The resulting 2003 Policy represented a welcomed expansion of what CRA had traditionally considered political activities. In particular, it acknowledged the Accord’s observation of the need for the federal government to openly engage the voluntary sector. It also recognized the sector’s criticism of CRA’s previously restrictive view, which prevented the charitable sector from informing the public about issues of concern or participating adequately in the process of developing public policy.32

The 2003 Policy provides guidance in clarifying the difference between political and charitable purposes. The following is a brief summary of the key provisions of the 2003 Policy.33 The 2003 Policy echoes the law in the McGovern case in that it states that political purposes are those that seek to:

• further the interests of a particular political party; or support a political party or candidate for public office; or

• retain, oppose, or change the law, policy, or decision of any level of government in Canada or a foreign country.34

Even if a charity does not have an express political purpose, its activities will be examined in order to determine if it has adopted an unstated collateral political purpose.35 In this regard, if the charity is carrying out an activity that becomes predominant and is no longer subordinate to one of its stated charitable purposes, CRA may determine that the charity is pursuing an unstated collateral political purpose, an unstated non-charitable purpose, or an unstated charitable purpose.

In order to clarify what activities are political in nature that may or may not be conducted by charities, the 2003 Policy categorizes such activities into three types, namely, charitable activities that are permitted without limits, prohibited partisan political activities, and permissible non-partisan political activities to which charities can only devote a limited extent of their resources.36 A few of the highlights of each type are set out below.

Charitable activities. Many charities will need to communicate with the public or public officials at some point in carrying out their purposes. The 2003 Policy recognizes that these forms of communication can be considered charitable activities, subject to certain limitations. They include public awareness campaigns, communicating with an elected representative or public official, and releasing the text of a representation to the public.

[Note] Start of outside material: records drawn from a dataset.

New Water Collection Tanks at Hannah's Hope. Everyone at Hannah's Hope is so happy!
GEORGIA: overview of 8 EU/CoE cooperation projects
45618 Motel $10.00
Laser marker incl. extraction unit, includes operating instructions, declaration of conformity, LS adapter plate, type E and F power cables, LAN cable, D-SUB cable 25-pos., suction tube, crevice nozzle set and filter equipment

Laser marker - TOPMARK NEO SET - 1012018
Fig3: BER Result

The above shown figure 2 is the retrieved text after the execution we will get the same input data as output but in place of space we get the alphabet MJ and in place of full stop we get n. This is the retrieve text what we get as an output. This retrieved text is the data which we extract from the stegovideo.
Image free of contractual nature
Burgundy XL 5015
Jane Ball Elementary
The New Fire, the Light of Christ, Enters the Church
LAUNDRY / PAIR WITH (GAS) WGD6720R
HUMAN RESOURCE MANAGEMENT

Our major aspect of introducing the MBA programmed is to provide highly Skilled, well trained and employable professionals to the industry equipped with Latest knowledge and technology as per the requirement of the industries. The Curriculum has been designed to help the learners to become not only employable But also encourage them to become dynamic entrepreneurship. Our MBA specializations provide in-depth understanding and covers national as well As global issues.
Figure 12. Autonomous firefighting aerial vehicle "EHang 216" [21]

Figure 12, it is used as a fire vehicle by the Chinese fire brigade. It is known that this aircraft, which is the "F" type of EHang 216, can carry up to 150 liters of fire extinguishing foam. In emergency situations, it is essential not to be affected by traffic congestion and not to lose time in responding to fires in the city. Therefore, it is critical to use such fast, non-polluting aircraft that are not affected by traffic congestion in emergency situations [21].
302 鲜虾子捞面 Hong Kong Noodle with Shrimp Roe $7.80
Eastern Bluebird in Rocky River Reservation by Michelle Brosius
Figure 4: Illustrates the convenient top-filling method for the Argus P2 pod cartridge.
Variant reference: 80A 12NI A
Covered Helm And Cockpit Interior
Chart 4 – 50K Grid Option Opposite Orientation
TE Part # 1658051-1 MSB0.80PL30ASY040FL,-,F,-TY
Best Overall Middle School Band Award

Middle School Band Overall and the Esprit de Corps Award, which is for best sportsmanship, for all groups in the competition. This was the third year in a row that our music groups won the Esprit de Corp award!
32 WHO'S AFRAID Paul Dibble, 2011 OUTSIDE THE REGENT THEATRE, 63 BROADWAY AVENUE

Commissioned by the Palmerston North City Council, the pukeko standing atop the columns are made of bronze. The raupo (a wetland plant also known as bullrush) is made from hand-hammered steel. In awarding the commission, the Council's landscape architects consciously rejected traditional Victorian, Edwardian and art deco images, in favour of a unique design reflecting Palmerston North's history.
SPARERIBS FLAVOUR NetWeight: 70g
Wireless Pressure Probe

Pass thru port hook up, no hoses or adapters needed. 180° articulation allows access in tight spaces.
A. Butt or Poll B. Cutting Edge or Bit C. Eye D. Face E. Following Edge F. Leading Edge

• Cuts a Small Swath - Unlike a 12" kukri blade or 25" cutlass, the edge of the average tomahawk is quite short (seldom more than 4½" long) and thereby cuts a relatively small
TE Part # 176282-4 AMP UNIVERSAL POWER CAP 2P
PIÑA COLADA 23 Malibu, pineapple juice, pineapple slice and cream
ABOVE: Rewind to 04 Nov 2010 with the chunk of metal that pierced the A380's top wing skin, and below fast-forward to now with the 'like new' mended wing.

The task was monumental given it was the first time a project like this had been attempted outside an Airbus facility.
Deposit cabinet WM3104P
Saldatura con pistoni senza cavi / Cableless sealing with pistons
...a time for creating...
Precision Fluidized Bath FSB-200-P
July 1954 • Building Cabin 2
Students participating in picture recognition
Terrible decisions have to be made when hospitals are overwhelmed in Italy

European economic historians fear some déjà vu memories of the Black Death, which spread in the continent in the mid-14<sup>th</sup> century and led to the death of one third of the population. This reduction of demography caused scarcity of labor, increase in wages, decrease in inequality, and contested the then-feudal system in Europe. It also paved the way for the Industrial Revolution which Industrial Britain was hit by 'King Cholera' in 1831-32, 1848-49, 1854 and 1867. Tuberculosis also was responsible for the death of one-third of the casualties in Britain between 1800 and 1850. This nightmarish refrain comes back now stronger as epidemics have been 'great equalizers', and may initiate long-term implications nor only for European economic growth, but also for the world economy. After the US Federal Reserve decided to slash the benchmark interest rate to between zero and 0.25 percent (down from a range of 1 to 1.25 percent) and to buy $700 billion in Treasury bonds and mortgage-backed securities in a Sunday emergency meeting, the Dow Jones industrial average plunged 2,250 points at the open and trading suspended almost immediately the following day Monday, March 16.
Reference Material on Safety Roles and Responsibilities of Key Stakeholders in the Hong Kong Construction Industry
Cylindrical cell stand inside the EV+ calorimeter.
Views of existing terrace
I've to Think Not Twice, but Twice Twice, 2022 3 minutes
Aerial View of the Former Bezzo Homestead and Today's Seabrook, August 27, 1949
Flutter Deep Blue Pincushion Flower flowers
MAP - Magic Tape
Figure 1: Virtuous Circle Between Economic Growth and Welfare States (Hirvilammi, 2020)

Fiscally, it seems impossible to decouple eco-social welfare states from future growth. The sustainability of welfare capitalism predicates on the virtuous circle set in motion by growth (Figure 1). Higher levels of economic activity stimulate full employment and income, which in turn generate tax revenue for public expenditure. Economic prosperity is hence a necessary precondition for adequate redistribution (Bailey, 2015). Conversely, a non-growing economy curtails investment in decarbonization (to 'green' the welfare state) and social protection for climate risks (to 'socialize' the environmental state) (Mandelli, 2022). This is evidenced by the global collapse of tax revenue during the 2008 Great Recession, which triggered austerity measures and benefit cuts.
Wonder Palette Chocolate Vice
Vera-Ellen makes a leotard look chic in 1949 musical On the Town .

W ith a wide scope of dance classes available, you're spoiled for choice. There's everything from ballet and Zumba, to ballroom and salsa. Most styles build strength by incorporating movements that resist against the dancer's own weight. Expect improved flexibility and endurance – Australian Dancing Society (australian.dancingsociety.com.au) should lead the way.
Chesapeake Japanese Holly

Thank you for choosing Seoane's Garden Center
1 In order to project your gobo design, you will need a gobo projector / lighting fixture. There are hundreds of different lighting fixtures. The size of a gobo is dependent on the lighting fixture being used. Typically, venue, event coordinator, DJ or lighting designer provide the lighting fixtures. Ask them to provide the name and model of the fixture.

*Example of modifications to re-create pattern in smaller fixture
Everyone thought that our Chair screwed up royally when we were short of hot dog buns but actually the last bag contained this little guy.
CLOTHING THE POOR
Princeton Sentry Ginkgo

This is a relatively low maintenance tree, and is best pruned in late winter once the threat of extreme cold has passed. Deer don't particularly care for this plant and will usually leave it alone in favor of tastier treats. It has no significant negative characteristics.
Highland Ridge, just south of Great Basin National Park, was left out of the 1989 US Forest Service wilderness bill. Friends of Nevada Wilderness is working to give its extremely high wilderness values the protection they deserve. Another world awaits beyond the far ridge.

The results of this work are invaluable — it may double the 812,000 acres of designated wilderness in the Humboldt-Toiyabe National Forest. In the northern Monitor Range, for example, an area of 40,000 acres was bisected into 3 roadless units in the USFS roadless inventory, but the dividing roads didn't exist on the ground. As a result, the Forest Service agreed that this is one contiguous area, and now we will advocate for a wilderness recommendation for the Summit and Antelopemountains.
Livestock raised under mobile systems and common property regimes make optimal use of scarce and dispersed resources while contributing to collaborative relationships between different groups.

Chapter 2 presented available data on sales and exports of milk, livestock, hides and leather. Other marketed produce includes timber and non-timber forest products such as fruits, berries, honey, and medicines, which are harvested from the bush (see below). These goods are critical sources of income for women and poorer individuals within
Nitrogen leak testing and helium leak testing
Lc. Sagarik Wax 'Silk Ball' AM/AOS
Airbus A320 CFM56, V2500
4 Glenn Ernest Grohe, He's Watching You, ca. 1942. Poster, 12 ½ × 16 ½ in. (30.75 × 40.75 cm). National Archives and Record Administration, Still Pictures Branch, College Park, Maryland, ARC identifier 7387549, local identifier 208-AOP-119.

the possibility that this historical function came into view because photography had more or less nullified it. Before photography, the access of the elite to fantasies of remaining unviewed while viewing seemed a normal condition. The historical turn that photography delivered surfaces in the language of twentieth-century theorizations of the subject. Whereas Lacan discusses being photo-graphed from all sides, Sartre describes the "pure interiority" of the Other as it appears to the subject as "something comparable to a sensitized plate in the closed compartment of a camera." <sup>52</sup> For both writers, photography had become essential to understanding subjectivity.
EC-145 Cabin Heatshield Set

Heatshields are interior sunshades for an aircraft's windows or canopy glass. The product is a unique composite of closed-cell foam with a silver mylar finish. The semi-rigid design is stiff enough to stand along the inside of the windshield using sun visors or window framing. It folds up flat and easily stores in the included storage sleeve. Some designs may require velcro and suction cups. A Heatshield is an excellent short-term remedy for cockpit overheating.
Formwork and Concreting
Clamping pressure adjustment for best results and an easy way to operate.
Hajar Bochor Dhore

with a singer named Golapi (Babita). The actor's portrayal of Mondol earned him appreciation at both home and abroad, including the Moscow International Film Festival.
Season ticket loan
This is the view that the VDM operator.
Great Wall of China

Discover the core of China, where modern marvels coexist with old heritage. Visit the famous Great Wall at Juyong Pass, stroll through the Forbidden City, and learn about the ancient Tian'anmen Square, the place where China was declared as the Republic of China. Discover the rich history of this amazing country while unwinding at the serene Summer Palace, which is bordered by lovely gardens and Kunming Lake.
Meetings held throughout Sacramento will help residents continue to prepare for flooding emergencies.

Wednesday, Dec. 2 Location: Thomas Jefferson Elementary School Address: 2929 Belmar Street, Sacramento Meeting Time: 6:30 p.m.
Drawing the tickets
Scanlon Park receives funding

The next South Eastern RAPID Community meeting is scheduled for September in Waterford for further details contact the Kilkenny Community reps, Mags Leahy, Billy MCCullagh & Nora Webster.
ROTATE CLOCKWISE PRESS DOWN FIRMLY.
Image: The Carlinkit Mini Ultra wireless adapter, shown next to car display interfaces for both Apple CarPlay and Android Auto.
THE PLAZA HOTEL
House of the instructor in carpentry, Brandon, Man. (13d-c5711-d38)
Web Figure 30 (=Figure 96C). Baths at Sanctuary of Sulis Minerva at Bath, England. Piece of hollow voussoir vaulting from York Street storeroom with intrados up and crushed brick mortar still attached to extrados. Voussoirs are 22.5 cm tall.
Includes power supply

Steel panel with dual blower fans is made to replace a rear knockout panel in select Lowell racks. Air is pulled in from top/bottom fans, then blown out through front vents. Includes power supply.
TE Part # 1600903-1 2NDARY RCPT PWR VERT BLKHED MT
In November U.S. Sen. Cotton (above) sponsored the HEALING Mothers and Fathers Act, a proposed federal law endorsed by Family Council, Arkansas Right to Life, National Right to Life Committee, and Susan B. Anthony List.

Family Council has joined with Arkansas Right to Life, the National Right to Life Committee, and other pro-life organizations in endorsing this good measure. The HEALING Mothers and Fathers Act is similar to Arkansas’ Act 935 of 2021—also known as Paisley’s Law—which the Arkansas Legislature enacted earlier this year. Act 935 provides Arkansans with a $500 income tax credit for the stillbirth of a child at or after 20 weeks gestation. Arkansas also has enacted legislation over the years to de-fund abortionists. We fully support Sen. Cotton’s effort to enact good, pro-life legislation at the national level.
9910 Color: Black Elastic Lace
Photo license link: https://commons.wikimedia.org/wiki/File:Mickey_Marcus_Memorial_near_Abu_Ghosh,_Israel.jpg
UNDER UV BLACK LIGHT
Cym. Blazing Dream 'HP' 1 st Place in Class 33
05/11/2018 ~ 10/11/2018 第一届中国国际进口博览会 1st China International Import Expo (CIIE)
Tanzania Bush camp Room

Prohibited activities. While charities can conduct activities that further their charitable purposes, they cannot engage in partisan political activities, even if these activities may further their charitable purposes. In this regard, paragraphs 149.1(6.1)(c) and 149.1 (6.2)(c) of the ITA prohibit charities from engaging in those political activities that “include the direct or indirect support of, or opposition to, any political party or candidate for public office.” The 2003 Policy provides that a partisan political activity involves the direct or indirect support of, or opposition to, any political party or candidate for public office.37

In addition, a charity must not single out the voting pattern on an issue of any one elected representative or political party; but it may provide information to its supporters or the public on how all the Members of Parliament or the legislature of a province, territory, or municipal council voted on an issue connected with the charity’s purpose.

Permitted activities. Paragraphs 149.1(6.1)(a) and (b) as well as 149.1 (6.2)(a) and (b) of the ITA permit charities to devote part of their resources to political activities that are ancillary and incidental to their charitable purposes, as long as the activities are nonpartisan. As such, between the two extremes of charitable activities that charities may engage in without any limits and partisan activities that charities are not permitted to engage in at all, there is a spectrum of permitted activities that are political in nature, which the 2003 Policy defines to be “political activities.”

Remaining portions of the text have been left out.